Another very important German composer was Johann Joseph Fux, who compiled a very important text in terms of music theory which was mind-boggling at the time (I think?): Gradus ad Parnassum. Fux was a composer and theorist, as was Johann Mattheson. You see, music in those days was considered a science (or some folks thought that it should be a science, like arithimatic and nature) and it helped if such a form of creativity could be described and presented in an understandable manner. Rules and guidelines would be implemented in order to make music good and acceptable (I think that might be the proper word). I, of course, dislike rules and guidelines, and it’s obvious from listening to my music that I have not read the great treatise by Fux.
It goes against my beliefs to think that composers didn’t write for the means of expression and communication; how could it be otherwise? Of course one can write within proper guidelines, and use the tools of expression to make your music expressive. Perhaps then this is my dilemma; I don’t see how beautiful music can be borne of anything other than the composer’s personal life, mood, or thoughts.
While not born in Germany, Czech composer Jan-Dismas Zelenka was the top composer in Germany who rivaled Bach at counterpoint; Bach himself is said to have admired his music deeply–and if Bach liked, you know they had to be good! I’m not certain if Zelenka was trying to imitate Bach; composers wrote what they were familiar with, after all, as is such the nature of things. This expressive and hurried music is beautiful, for example. Not much is known of Zelenka as a person; few or no portraits exist and he had no family.

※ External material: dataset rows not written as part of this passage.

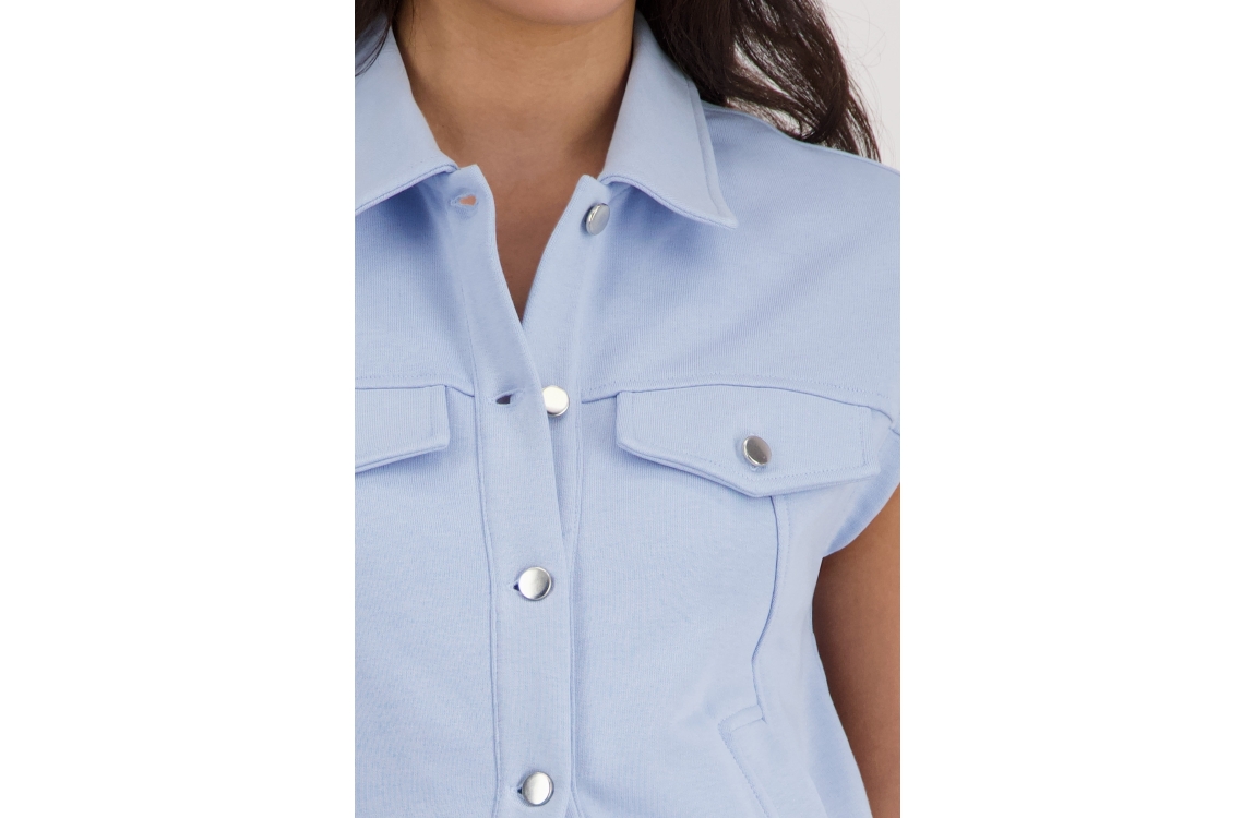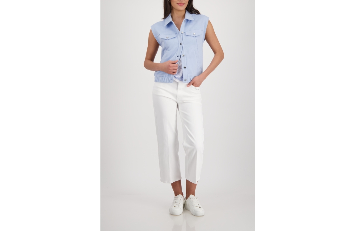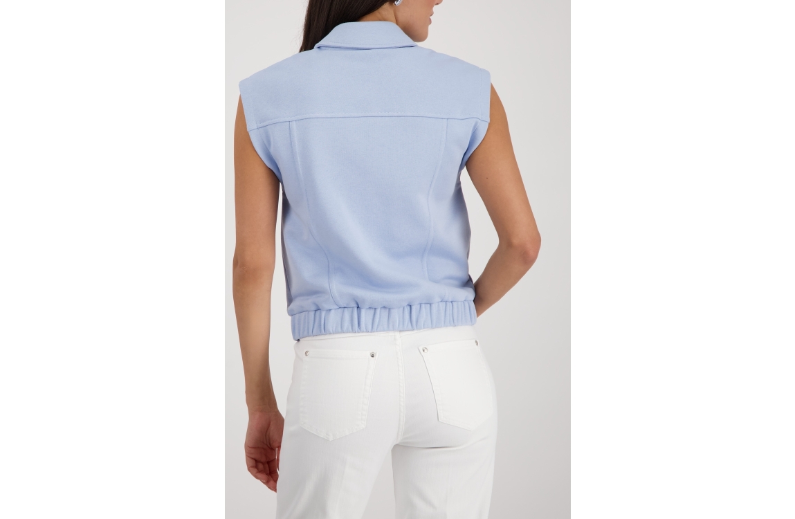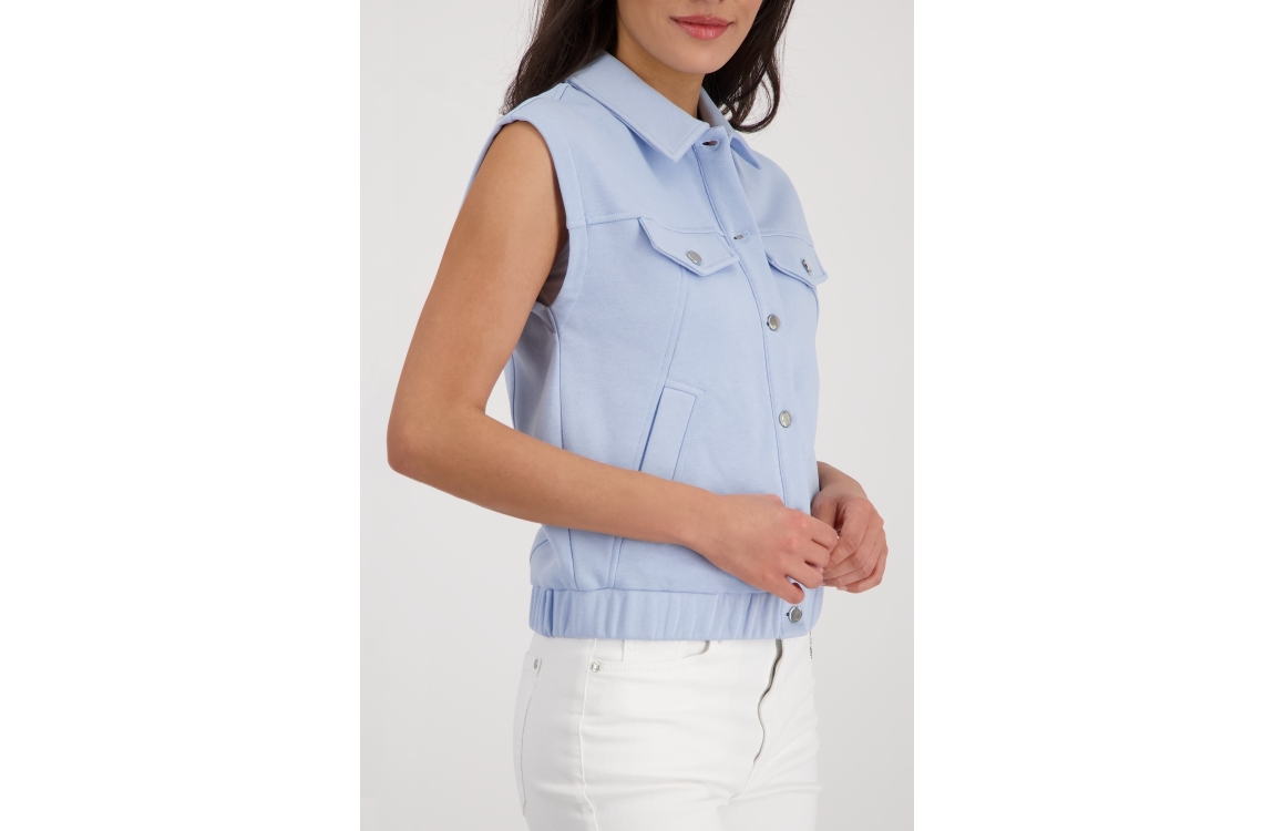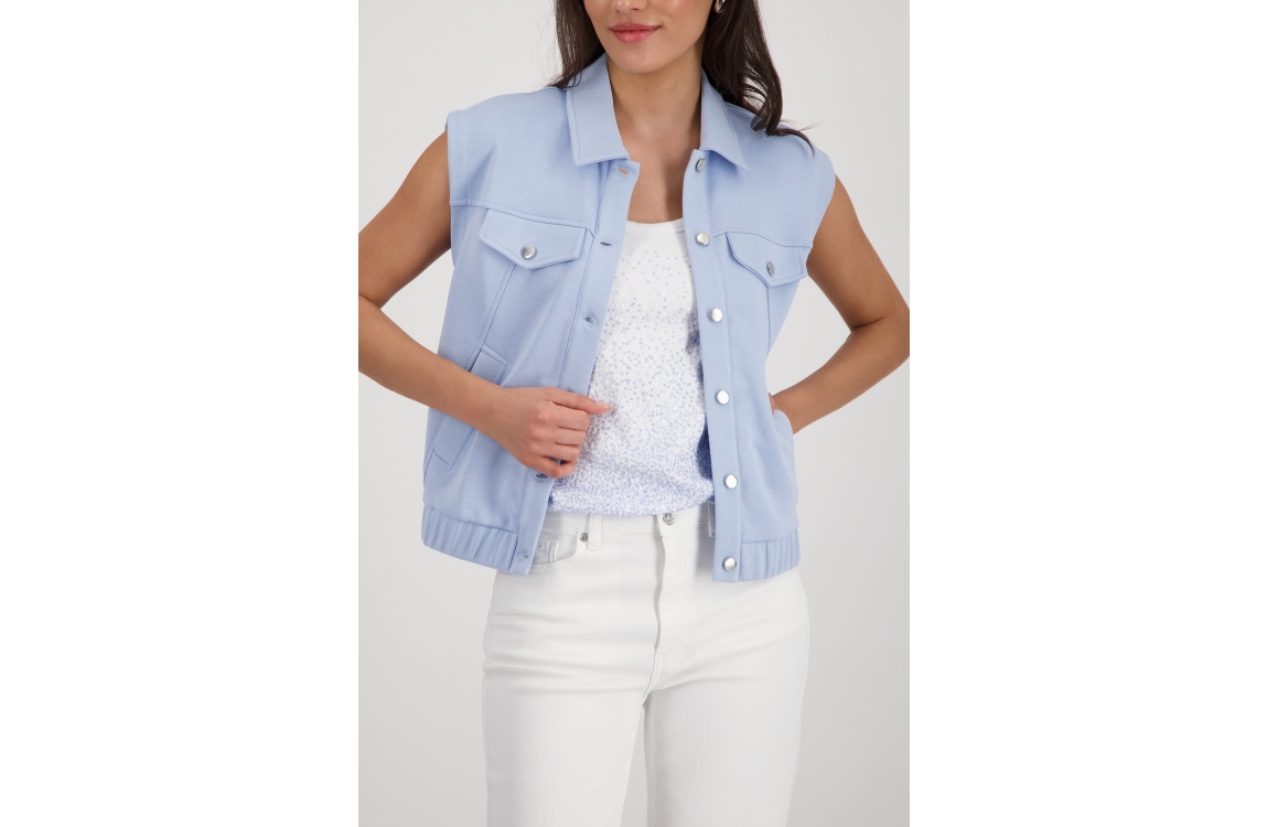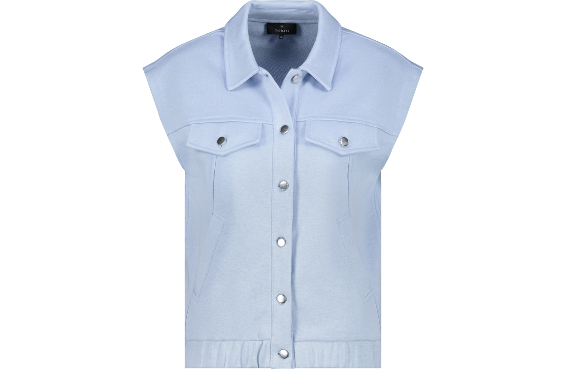 Monari vest 410642 721. Dit rechtvallende model heeft een kraag en is mouwloos. Deze lichtblauwe vest van Monari sluit door middel van knopen en is voorzien van twee steekzakken. Het model is gedetailleerd met twee decoratieve borstzakken en heeft een elastische zoom.
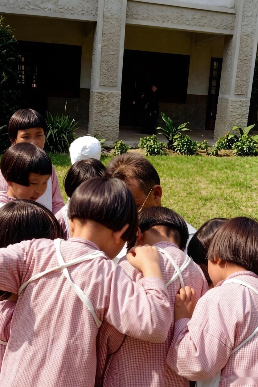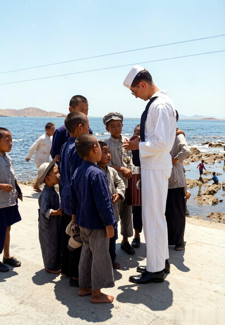 一群孩子正围着一名水兵,看他正在摆弄手里的东西。在孩子中间,有一个戴软檐帽的少年,手里捧着的保温桶看上去很高级。
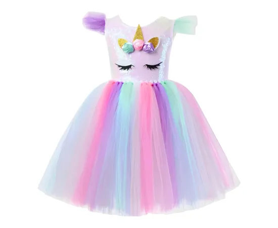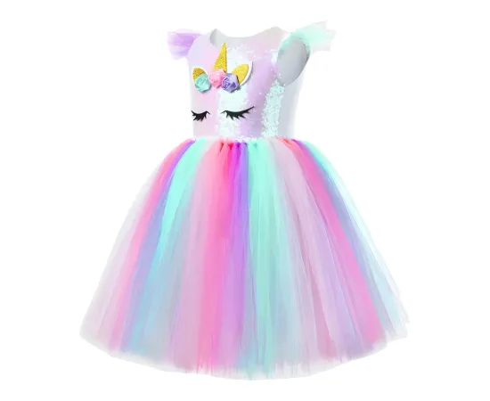 Rochiță Fetiță – Unicorn cu Tul Colorat si Bentita
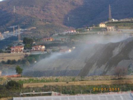 "Le foto allegate, sono l'esempio dei controlli in rispetto dell'ambiente, così tristemente di moda ultimamente. Le polveri non seguono il confine naturale della cava-discarica di Castellaro, ma sconfinano anche in quella temporaneamente ferma di Taggia, fino a distribuirsi senza regole e leggi sulla valle.
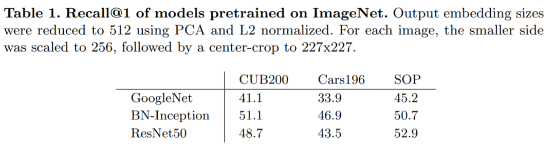 提高准确率最简单的方法之一是优化网络架构,但这些论文却没有保证这项基本参数固定不变。度量学习中架构的选择是非常重要的。在较小的数据集上的初始的准确率会随着所选择的网络而变化。2017 年一篇被广泛引用的论文用到了 ResNet50,然后声称性能得到了巨大的提升。这是值得质疑的,因为他们用的是 GoogleNet 作比较,初始准确率要低得多(见表 1)。
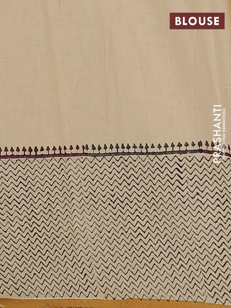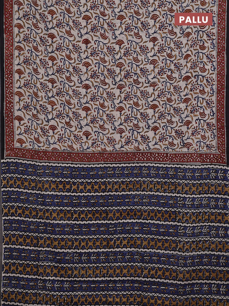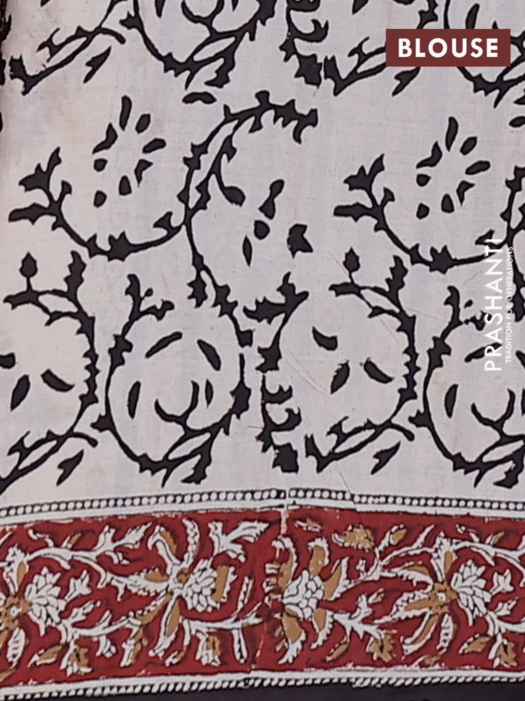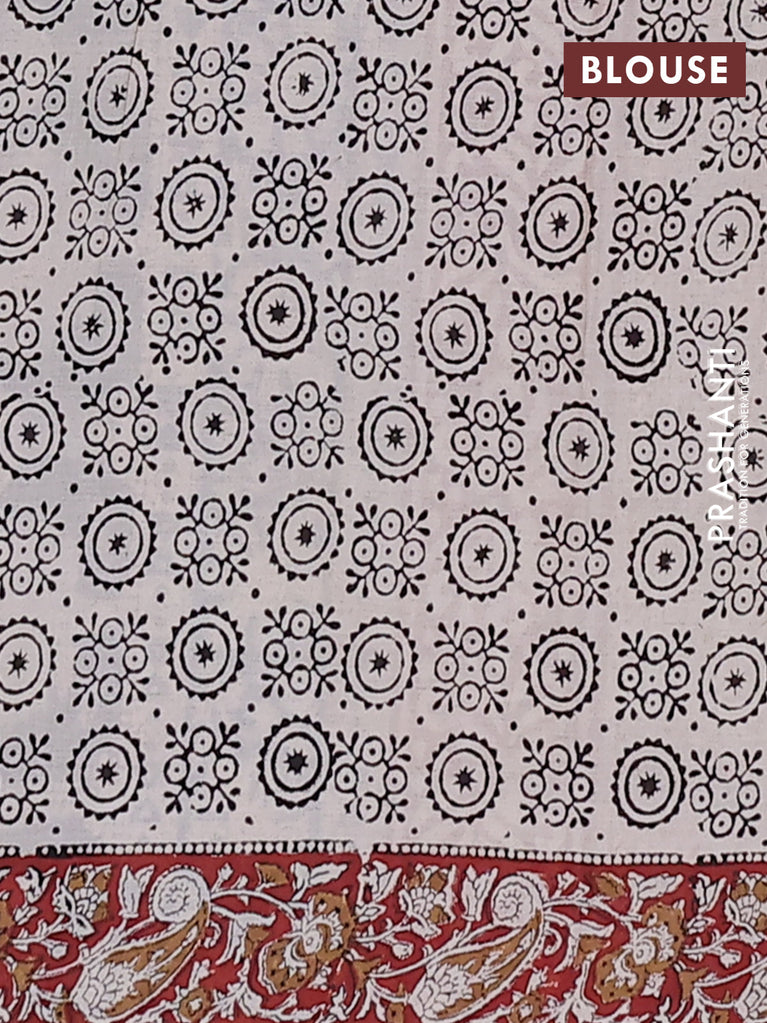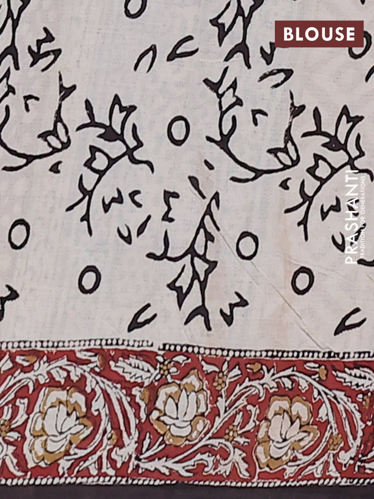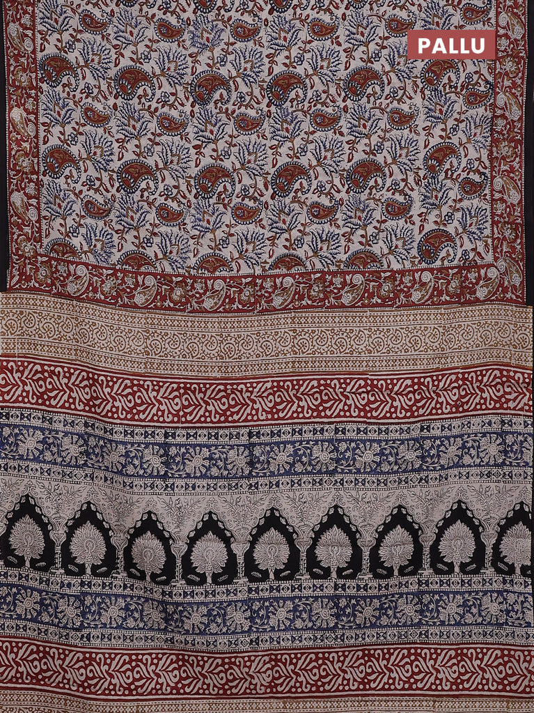 Jaipur cotton saree beige and maroon black with allover kalamkari prints and printed border

This joyful music cannot compete with Bach, I think; but so too does this instrumental music express much. But I find music in the minor key to be more lovely, heartfelt, and achieving more expressive possibilities than major. Zelenka was prolific and productive, and that’s a fact!
I have spent, at this point, many days in the writing of this massive post–it’s taken me maybe a week to write this much! Not every day but sporadically. I’m not sure that I mentioned every composer in my writing here, so my apologies. I’m grateful to you all for reading my ramblings, and I appreciate you for taking the time to read all of this! No one but an insane person could write this much about Baroque music in their free time, but here I am. I commend you all if you’ve made it here, to the end. Thank you all for your support! I hope you enjoy more writings to come.
Until later, best wishes to you all!